Team: @samhita-alla, @yiyixuxu, @WinsonTruong, @dayweek
We built GeoLocator by utilizing some of the best-in-class tools.
- PyTorch Lightning to construct the ResNet model (thanks to GeoEstimation's pre-trained model!)
- YouTube DL to download YouTube videos
- Katna to capture video frames
- Geopy to generate location from latitudes and longitudes
- Plotly to plot maps
- ONNX to serialize the model
- ONNXRuntime to generate predictions
- BentoML to prep the model for serving / Banana for GPU inference
- Gradio to build the user-facing side of the application
- Gantry to monitor the application/model
The geolocator.ipynb
notebook contains the relevant code and commands to set up the environment. Here's what it does:
- Installs the requirements
- Clones the forked GeoEstimation repository
- Clones the geolocator repository in case you're running the notebook on Google Colab
- Downloads the model checkpoint and hyperparameters
- Downloads the pre-calculated partitionings
- Validates if the code's working fine by generating predictions
- Generates an ONNX version of the pre-trained model
- Generates predictions using ONNXRuntime to verify if the ONNX conversion was proper
- Creates a Bento ONNX model
- [Optional] Runs the Bento service (doesn't work on Google Colab)
The post_processing.py
and pre_processing.py
files in the app
directory contain functions that do post- and pre-processing of the data, respectively.
post_processing.py
contains the custom inferencing logic to predict the location of a video or YouTube link.
pre_processing.py
downloads a YouTube video if given and captures the video frames.
The post_processing.py
file contains two techniques to predict the location of a video: DBSCAN clustering and prediction confidence.

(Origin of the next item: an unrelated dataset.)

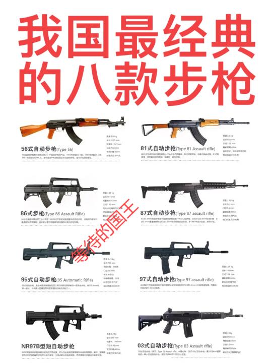 而后是97式、03式,如图片所展示,八款步枪,可谓是款款经典。大家用过几款呢?说实话,如果真的遭遇战争,还真要准备几款老式步枪,因为对于老兵来说,56式和81式用起来更顺手,5700万退伍老兵随时听候祖国的召唤,退伍时所说的“若有战 召必回”绝对不是一句空话。因为我们时刻准备着……

DBSCAN Clustering clusters the predicted latitudes and longitudes of video frames, finds the dense cluster, and computes the mean of the dense cluster's latitudes and longitudes.
Prediction confidence associates a prediction logit to every prediction and returns the latitude and longitude pertaining to the highest prediction logit.
We found that prediction confidence surpassed the performance of DBSCAN clustering, and thus, we zeroed in on prediction confidence as the inference logic.
Gradio and Gantry can be accessed only after initializing the following environment variables in a .env
file:
ENDPOINT (AWS EC2 public IP)
GANTRY_APP_NAME
GANTRY_API_KEY
AWS_ACCESS_KEY_ID
AWS_SECRET_ACCESS_KEY
AWS_DEFAULT_REGION
MAPBOX_TOKEN
AWS creds are required to store the uploaded images.
After generating a Bento model, run the following commands in the services/bentoml
directory to generate a Docker image:
bentoml build
bentoml containerize geolocator:<version>
docker run -it --rm -p 3000:3000 geolocator:<version> serve --production
python test_api.py --url http://127.0.0.1:3000
(Test!)
To generate a publicly-accessible API endpoint, deploy the bento to AWS EC2 by following the steps outlined in ec2_setup.md.
Gradio code can be found under the services/gradio directory.
cd
to the services/gradio
directory and run python app.py
to launch the Gradio UI.
Code for Gantry flagging can be found under the services/gantry_callback directory.
Gantry monitoring is currently implemented to flag the outputs of images only.
Banana provides inference hosting for ML models on serverless GPUs. The code is enclosed in the services/banana directory.
This repository is connected to banana, so git push
triggers the build.